Anaphylactic reactions can be associated with almost any type of blood component and are life-threatening. Fortunately, they are uncommon events, occurring with an estimated incidence of 1 per 40,000 units transfused. 

Absolute IgA deficiency (<0.05 mg/dL) or an IgA subclass deficiency puts a patient at higher risk of having an anaphylactic reaction. Approximately 1 in 1200 people are totally IgA deficient and have detectable anti-IgA antibody. These patients may have an anaphylactic reaction when they are transfused with a blood component containing IgA antibodies.  When anti-IgA antibody binds to IgA in transfused plasma, complement is activated, resulting in anaphylaxis. 

Symptoms usually appear within 45 minutes after the start of the transfusion and consist of sudden onset of flushing and hypertension followed by hypotension, tachycardia, widespread edema, laryngeal edema, bronchospasm, and shock. Sometimes GI symptoms such as abdominal cramping, nausea, vomiting, and diarrhea can occur within minutes of starting the transfusion.

IgA deficiency is only one of many causes of anaphylactic transfusion reactions. Other reported causes of anaphylactic reactions include:  

• The recipient may have preformed antibodies to transfused donor allergens, including foods, medications or chemicals.
• Transfusion of polymorphic plasma proteins such as albumin, haptoglobin, C3, C4, and transferrin
• Bedside leukoreduction of components for patients receiving ACE inhibitors
• Transfusion of plasma or platelets to patients with Chido or Rogers antibodies
• Transfusion of bioactive lipids, CD40 ligand and cytokines that accumulate in stored products 
• Passive transfer of IgE antibodies to environmental antigens, high concentrations of histamine or other products of donor mast cell degranulation
• Haptoglobin deficiency

In many cases the cause of the anaphylactic reaction is not identified.

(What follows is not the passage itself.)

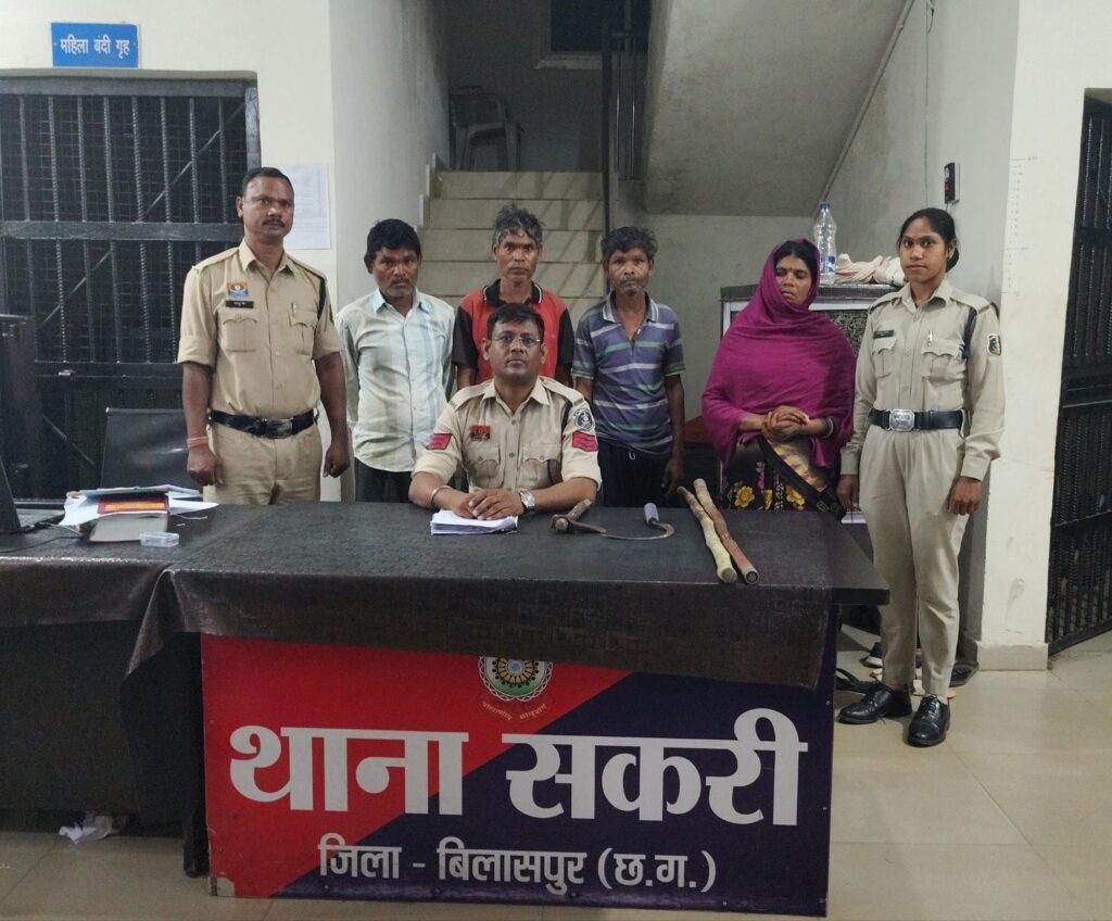 मामले में पुलिस ने अर्जुन कुमार बघेल (42), लक्ष्मण बघेल (48), दिलीप बघेल (48), सुमित्रा बघेल (40) सहित एक विधि से संघर्षरत बालक को गिरफ्तार किया है। सभी आरोपी पेण्डारी क्षेत्र के निवासी हैं।

IgA deficiency is diagnosed by measuring quantitative immunoglobulin levels on a pretransfusion specimen. Unfortunately, most nephelometric methods for measuring IgA have a lower limit of detection of 5 mg/dL, which is not sensitive enough to diagnose absolute IgA deficiency.  A more sensitive enzyme-linked immunosorbent assay (ELISA) method with a sensitivity of 0.02 mg/dL is required to determine which individuals are truly IgA deficient. Only those with true IgA deficiency (i.e. levels below 0.05 mg/dL) may develop anti-IgA antibodies.

If IgA is deficient, serum can be sent to a reference laboratory for anti-IgA antibody determination. 

Specimen requirement is one red top or SST tube

Reference value is negative.

References

Palmer DS, O'Toole J, Montreuil T, Scalia V, Goldman M. Evaluation of Particle Gel Immunoassays for the Detection of Severe Immunoglobulin a Deficiency and Anti-Human Immunoglobulin a Antibodies. Transfusion 2012; 52: 1792-8.

Sandler SG. How I Manage Patients Suspected of Having Had an Iga Anaphylactic Transfusion Reaction. Transfusion 2006; 46: 10-3.